TO DO:
Send back the line that contains "This is a large-scale" and all lines following it through the end of the data below, exactly, omitting pictures.

DATA SHOWN:
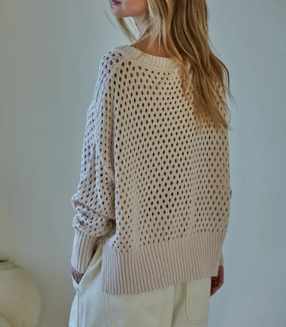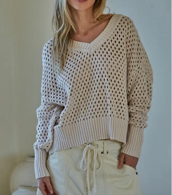 Knit Sweater Cotton See-Through V-Neck Long Sleeve See-Through Pullover Top
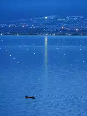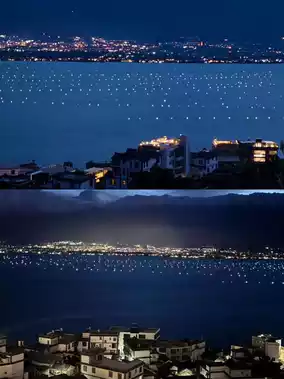 This is a large-scale natural night fishing scene regulated by Erhai’s ecology, where fishing boat lights scatter across the lake like stars—so romantic💕
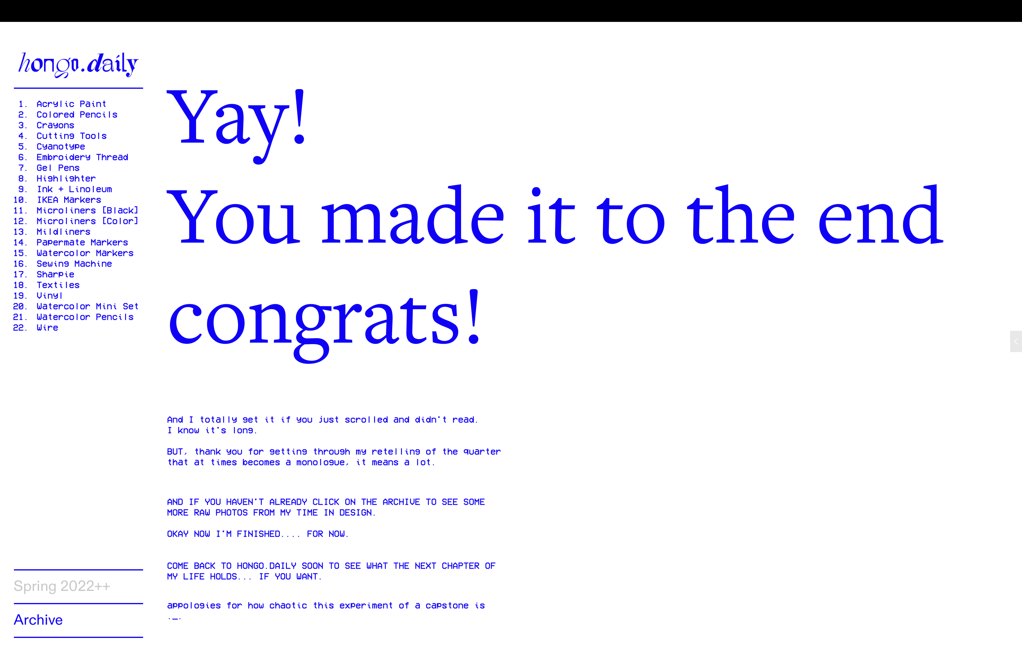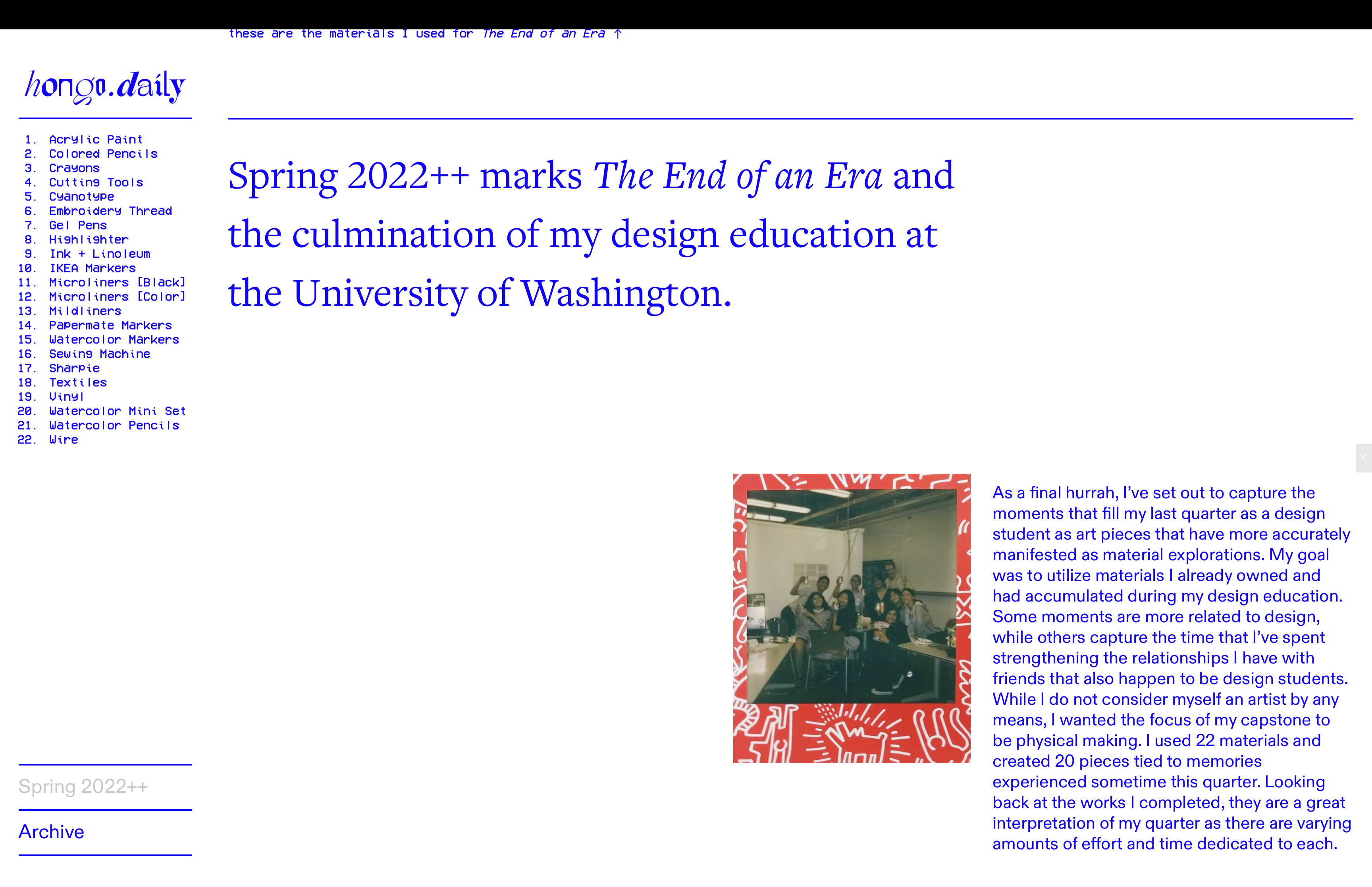 Spring 2022 market the End of an Era, my last 10 weeks as a design student at the University of Washington. For the closing of this chapter of my life I wanted to capture and recreate moments from this quarter as material explorations using all the tools I accumulated over the last four years as a design student.
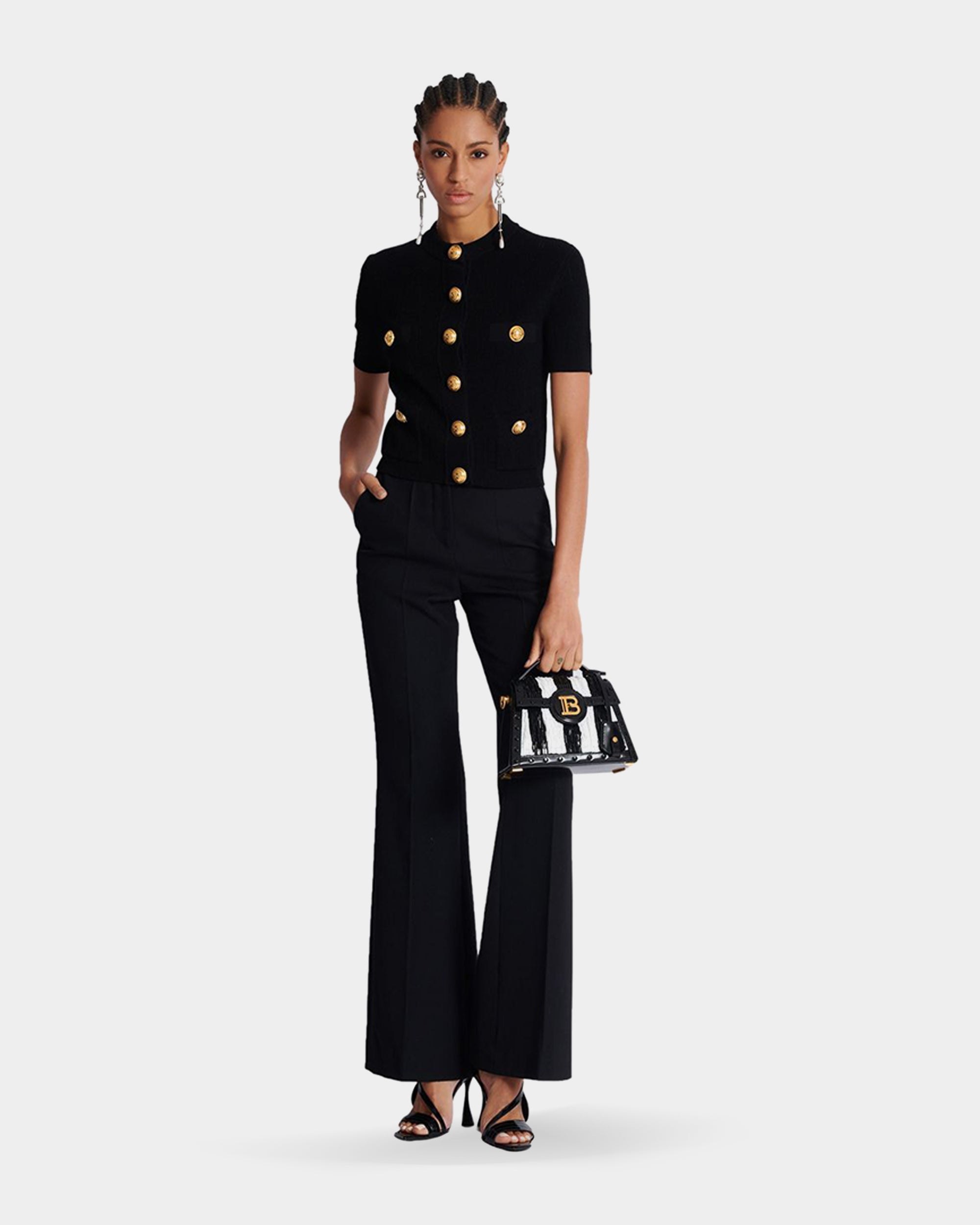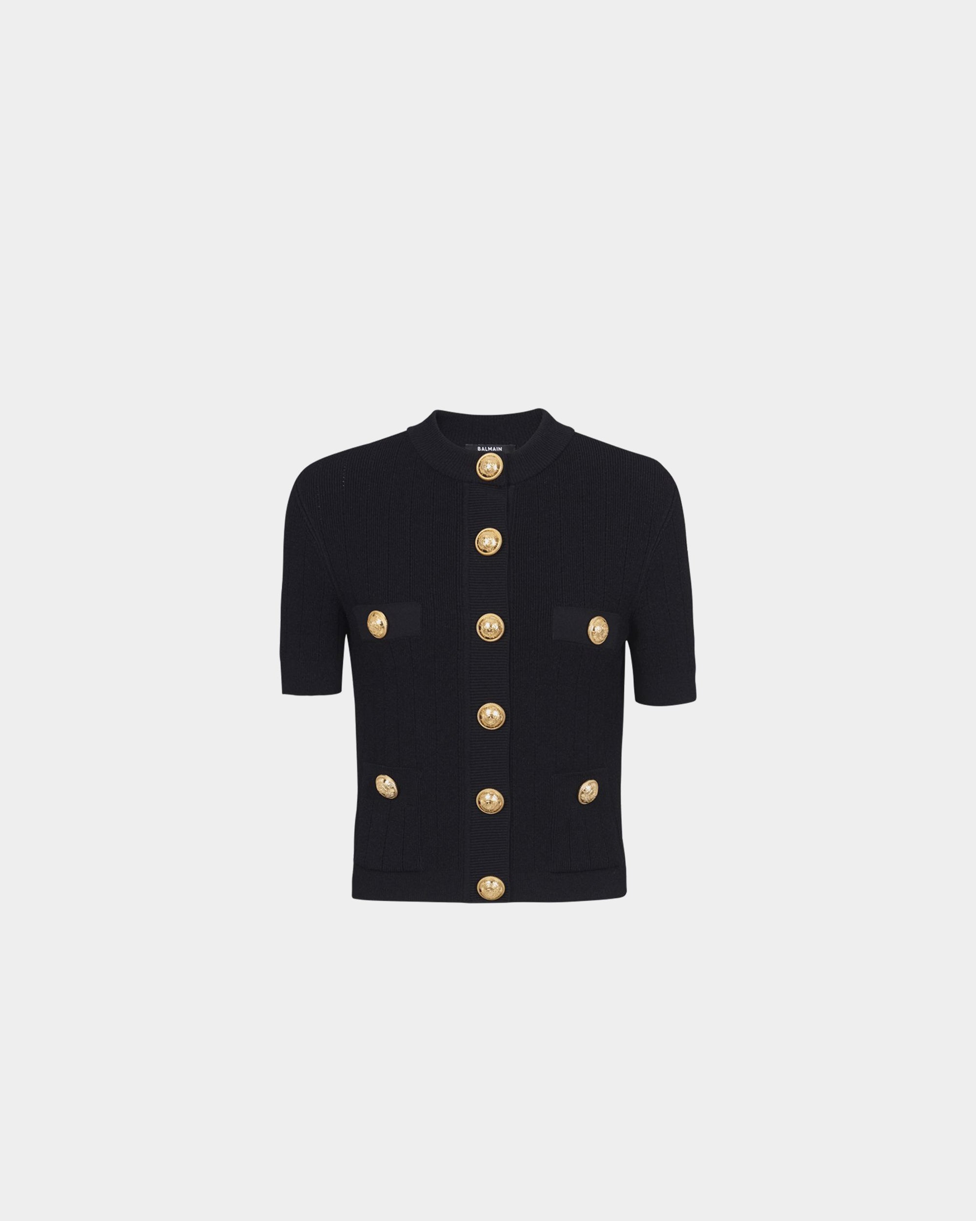 BALMAIN 金幣釦造型短袖針織外套 - 黑

RESPONSE:
 This is a large-scale natural night fishing scene regulated by Erhai’s ecology, where fishing boat lights scatter across the lake like stars—so romantic💕
 Spring 2022 market the End of an Era, my last 10 weeks as a design student at the University of Washington. For the closing of this chapter of my life I wanted to capture and recreate moments from this quarter as material explorations using all the tools I accumulated over the last four years as a design student.
 BALMAIN 金幣釦造型短袖針織外套 - 黑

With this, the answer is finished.